My New Daily (Mod List)
I have settled on the RK84, but we need to talk about the modifications!
The stabilizers are well lubed from the factory, but they do not fit snugly on the board. I did not pick up new ones, but I removed them and tucked in some crafting foam between the board and the stabilizer’s base (band-aids are commonly used for this, so it is widely referred to as a band-aid mod). You can find a quick tutorial on Youtube here .
The RK84 sounds solid stock, but I did take the time to disassemble the board and add some foam to the inside for dampening the sound. Disassembly was relatively easy. Removing just a few small screws and a couple of ribbon cables for the battery, the board slides out of the top of the frame.
Since I had initially purchased the clicky version of this board, I picked up some DROP Aliaz 70G Silent & Tactile Switches. I based my decision on this video from RandomFrankP because they were the quietest switch. I will say the Aliaz 70G switches felt quite linear, which is probably why the heavier weights (I think they go up to 100G actuation force) were sold out everywhere.
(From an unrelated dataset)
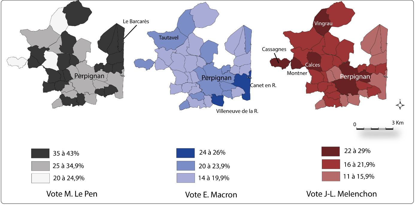 Les élections de 2022 étaient donc attendues à Perpignan, dans un contexte régional caractérisé par l’ancrage de l’extrême droite, dessinant de Perpignan à Beaucaire une possible France RN du Sud (Alidières 2018). Dans une ville pauvre (32 % de taux de pauvreté en 2019 selon l’INSEE) marquée par le poids du clientélisme politique (Maury 2008), les élections municipales ont laissé en suspens de nombreuses interrogations. Interrogations sur la nature de ce laboratoire du RN et sur la capacité de L. Aliot à initier des politiques répondant à des attentes multiples, voire contradictoires. Interrogations sur la composition hétéroclite de l’électorat RN qui, à Perpignan, fédérait en 2020 du « gitan au bourgeois ». Interrogations enfin quant à la capacité localement transformative du vote pour L. Aliot : ce dernier est-il en capacité, par son ancrage local, de faire basculer vers le RN une Métropole contrôlée par la droite et un conseil départemental détenu par la gauche ?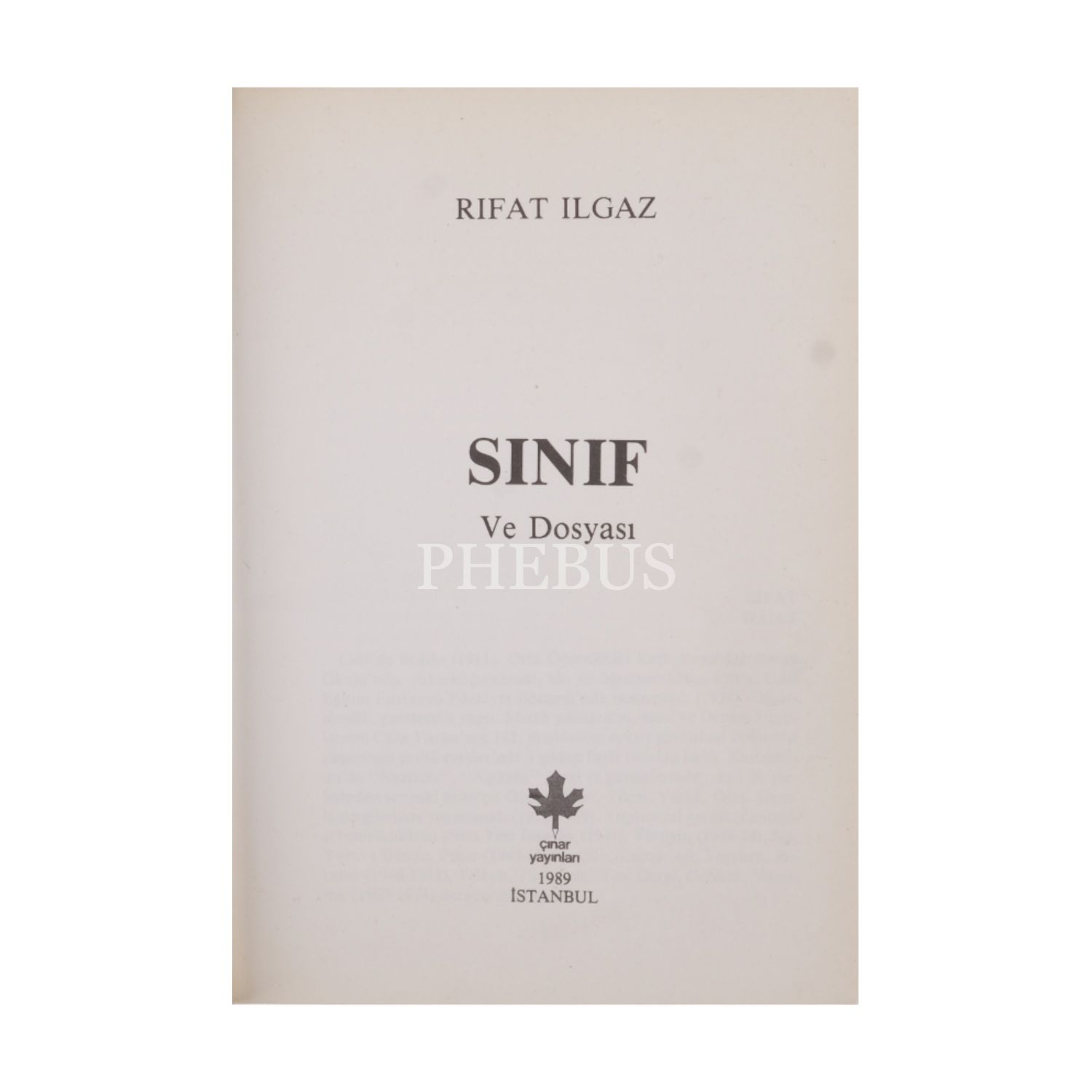 SINIF VE DOSYASI, Rıfat Ilgaz, 1989, Çınar Yayınları, 94 sayfa, 14x20 cm...

While the stock keycaps are pretty nice, I wanted something a bit thicker for a better sound. I decided to pick up the Drop MT3 Profile keycaps. The MT3 profile is super tall with a deep bowl shape on top. Many keyboard enthusiasts swear by them, but honestly, they are not my favorite… They sound great, but I make quite a few mistakes while typing.
Many keyboard enthusiasts would cringe at this note, but I have added o-rings to make this board even quieter, and I still really like the overall feel.
What I have learned
I like flat keycaps! I’ve realized that all my years typing on laptop keyboards means that I do not lift my hands when typing, so flatter keyboards result in more accurate keypresses. This is a huge disappointment considering I just spent quite a bit of money on MT3 (deep dish) keycaps. I will have to give them some time to see if I can get used to them. In the meantime, I’m going to keep my eyes open for some flat-ish XDA or DSA caps.
If you want to buy the board and use it pick up the Nuphy Air75, but if you would like to dabble in the world of modding keyboards, the RK84 is the way to go! Be careful once you start modding; it is addicting! If you want to hear about a couple more boards, check out the original list below.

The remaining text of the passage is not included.